The goal of cross-modal retrieval is to search for semantically similar instances in one modality by using a query from another modality. Existing approaches mainly consider the standard scenario that requires the source set for training and the target set for testing share the same scope of classes. However, they may not generalize well on zero-shot cross-modal retrieval (ZS-CMR) task, where the target set contains unseen classes that are disjoint with the seen classes in the source set.
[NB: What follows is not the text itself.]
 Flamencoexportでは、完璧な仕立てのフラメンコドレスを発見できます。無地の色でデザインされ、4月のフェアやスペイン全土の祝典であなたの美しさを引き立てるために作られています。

This task is more challenging due to 1) the absence of the unseen classes during training, 2) inconsistent semantics across seen and unseen classes, and 3) the heterogeneous multimodal distributions between the source and target set. To address these issues, we propose a novel Correlated Feature Synthesis and Alignment (CFSA) approach to integrate multimodal feature synthesis, common space learning and knowledge transfer for ZS-CMR. Our CFSA first utilizes class-level word embeddings to guide two coupled Wassertein generative adversarial networks (WGANs) to synthesize sufficient multimodal features with semantic correlation for stable training. Then the synthetic and true multimodal features are jointly mapped to a common semantic space via an effective distribution alignment scheme, where the cross-modal correlations of different semantic features are captured and the knowledge can be transferred to the unseen classes under the cycle-consistency constraint. Experiments on four benchmark datasets for image-text retrieval and two large-scale datasets for image-sketch retrieval show the remarkable improvements achieved by our CFAS method comparing with a bundle of state-of-the-art approaches.

查看原文

微信好友朋友圈 QQ好友复制链接

本刊更多论文

零射击跨模态检索的相关特征综合与对齐

跨模态检索的目标是通过使用来自另一个模态的查询来搜索一个模态中语义相似的实例。现有的方法主要考虑标准场景，即要求用于训练的源集和用于测试的目标集共享相同的类范围。然而，它们可能不能很好地泛化零射击跨模态检索(ZS-CMR)任务，其中目标集包含与源集中可见类不相交的未见类。这项任务更具挑战性，因为1)在训练过程中没有看不见的类，2)可见类和不可见类之间的语义不一致，以及3)源和目标集之间的异构多模态分布。为了解决这些问题，我们提出了一种新的相关特征合成和对齐(CFSA)方法，将多模态特征合成、公共空间学习和知识转移集成到ZS-CMR中。我们的CFSA首先利用类级词嵌入来引导两个耦合的Wassertein生成对抗网络(wgan)合成足够的具有语义相关性的多模态特征，以实现稳定的训练。然后通过一种有效的分布对齐方案，将合成的和真实的多模态特征联合映射到一个共同的语义空间，在循环一致性约束下捕获不同语义特征的跨模态相关性，并将知识转移到不可见的类中。在四个图像文本检索基准数据集和两个图像草图检索大型数据集上的实验表明，与一系列最先进的方法相比，我们的CFAS方法取得了显着的改进。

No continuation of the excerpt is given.